Pavel Maslák (, born 21 February 1991) is a Czech sprinter who specialises in the 200 metres and 400 metres. He is the only athlete in history who has managed to win the 400 m title at the World Indoor Championships at three consecutive championships. Maslák is the first Czech to have run 400 metres under 45 seconds outdoor and under 46 seconds indoor.

Personal life
Pavel Maslák was born on 21 February 1991 in Havířov, Czechoslovakia.

Career
He is a member of Dalibor Kupka's training group at ASC Dukla Praha. At the age of 20, Maslák won the 400 m bronze medal at the 2011 European Athletics U23 Championships and was a semi-finalist in the 200 m at the 2011 World Championships in Athletics. The next year, he finished fifth in the final of the 400 m at the 2012 IAAF World Indoor Championships.

In May 2012, Maslák set the Czech record in 400 m. His time of 45.31 cut almost half a second off the time reached by Karel Kolář at the same venue — Rošický Stadium — in 1978. In June 2012, he further improved the record by clocking 45.17 in Turin.
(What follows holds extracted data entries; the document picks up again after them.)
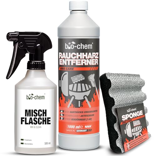 in Grillreinigerbio-chem Rauchharz-Entferner1000 ml Konzentrat für Grill und Backofen, inkl. Mischflasche und Reinigungsschwamm, extrem kraftvolle Formel für Edelstahl und Gusseisen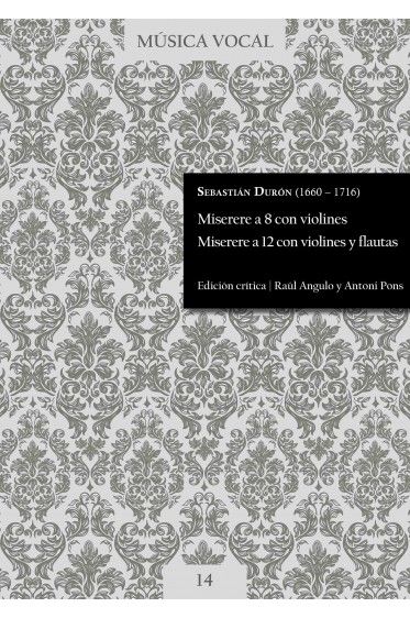 This volume contains the two Misereres composed by Sebastián Durón, chapel master of the Royal Chapel in Madrid. Both Misereres are preserved in the archive of the the Royal Monastery of San Lorenzo de El Escorial. They are written for several choirs of voices and instruments. When Durón was exiled to France, he asked to be sent many of his works composed during his stay in Madrid. For this reason, the preserved works for large ensembles by Durón are very rare.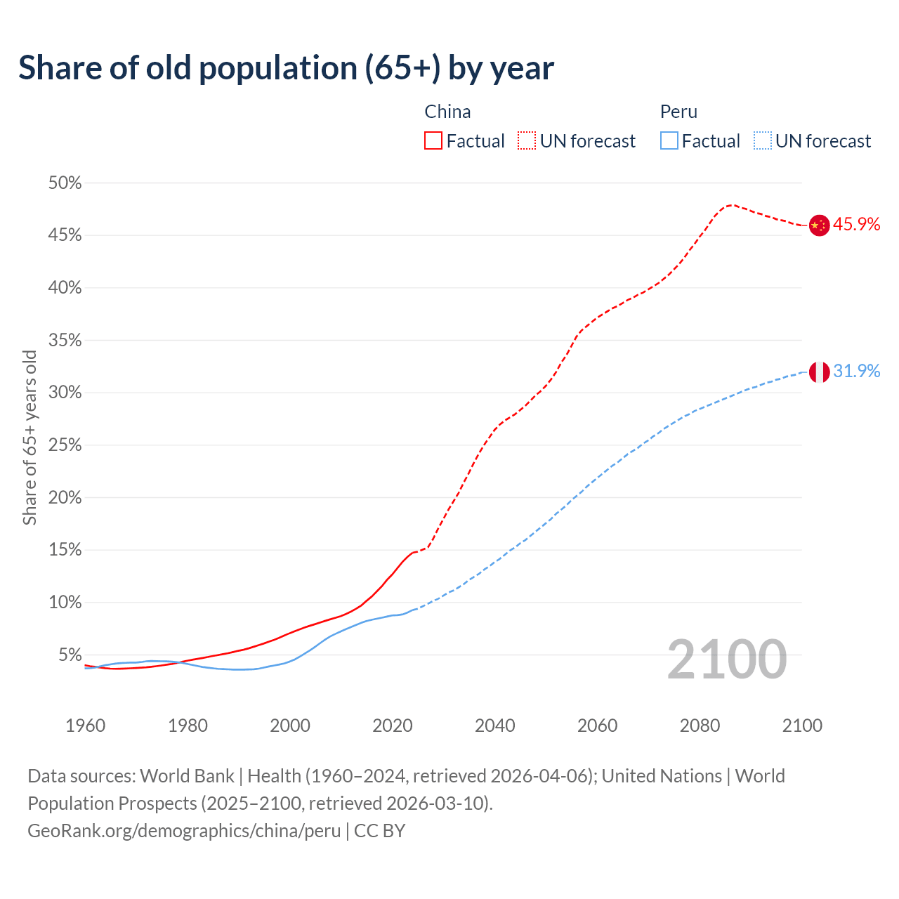 The share of older people aged 65 and over is 14.7% in China and 9.23% in Peru. Life expectancy in China compared to Peru .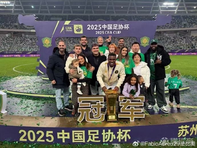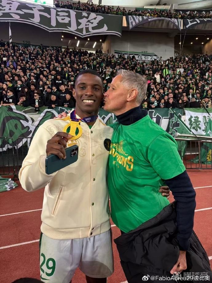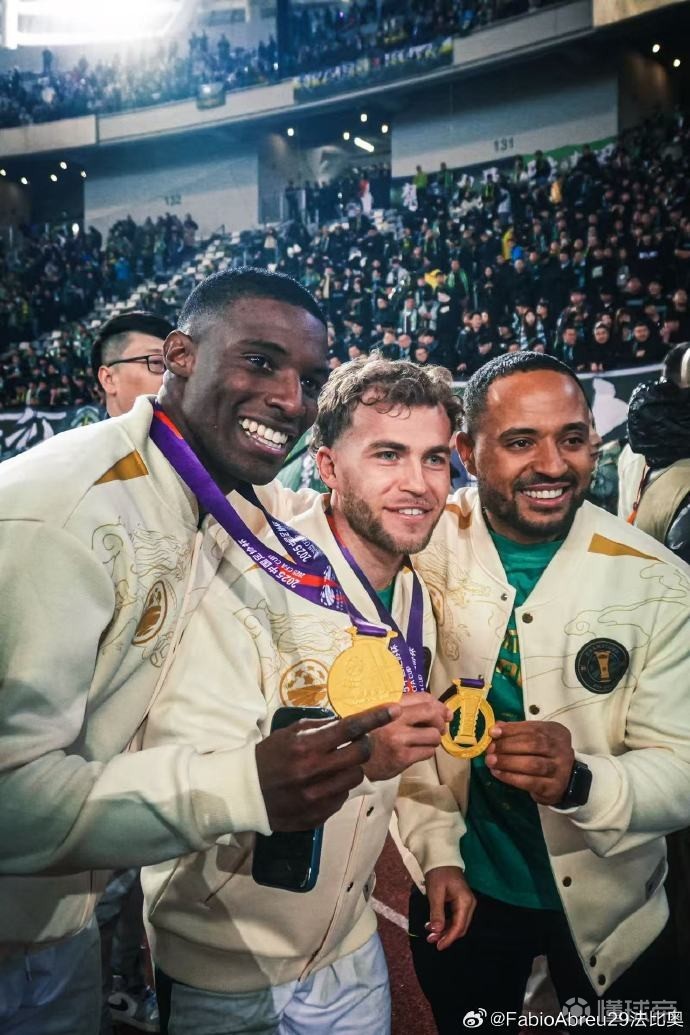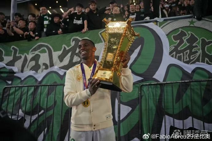 国安外援法比奥-阿布雷乌在个人社交媒体上晒照,以庆祝球队获得本赛季足协杯冠军。
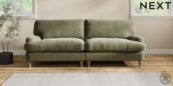 7.2.10 Sadie Deep Relaxed Sit 4 Seater Sofa Ripple Chenille Mid Moss Green High Slim Turned - Light | Made Click here to use our website with more accessibility support, for example screen readers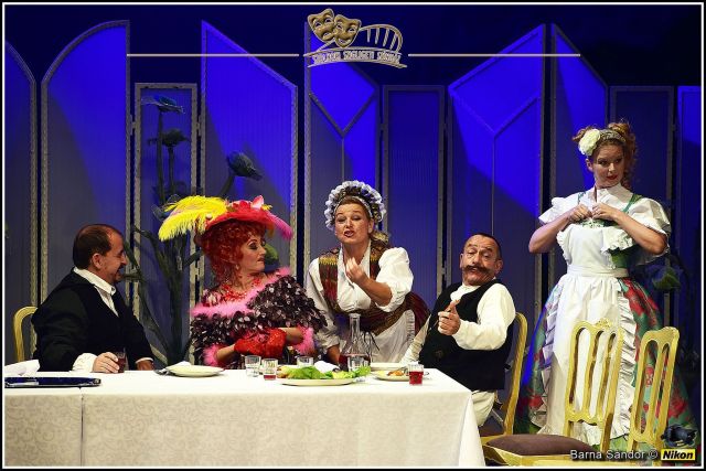 Vagy csak nekem nem jött át a többi szereplő. Kinczel József – egyébként koreográfus, sokszor amatőr színész – Üvegtigrisből átemelt Király Sanyijának például sem a helyét, sem az indokoltságát nem találom. Miként azt sem értem, hogy a jobb szerepekre érdemes Sárvári Diának miért kellett debilt alakítania. Vagy, ha már Lugosi Claudia végig tót tájszólásban nyomja Adamecznét, akkor az első felvonásban még hasonló akcentust használó Mészáros-Zelei-Horváth trió ezt később miért felejti el? Kertész Marcella nyelveket keverő párizsi műlovarnője legalább végig, egyenletesen ripacs és rikító. Ja! És a kutya? Cuki, a jelmezt viselő kisgyerek az egyik legkeményebb munkát végzi. De minek is?

At the 2012 European Championships, Maslák won 400 m gold medal in a time of 45.24.

At 2012 Summer Olympics in London, Maslák competed in the 200 and 400 m events. In the 400 metres, he advanced from heats by setting a new national record and personal best of 44.91 but did not manage to repeat the feat in semi-finals and finished fifth in his run. In the 200 metres, Maslák finished fourth in Heat 5 in a time of 20.67 and did not progress further. In his last race of the 2012 season, Maslák set a national record of 20.59 in 200 metres dash.

At 2013 European Indoor Championships in Gothenburg, Pavel Maslák won a gold medal in 400 metres distance. In final, he slashed almost half a second from his personal best, improving it to 45.66. As a part of the Czech 4 x 400 metres relay team, he added a bronze medal.  At the 2013 World Championships, he achieved his best outdoor World Championship finish of 5th.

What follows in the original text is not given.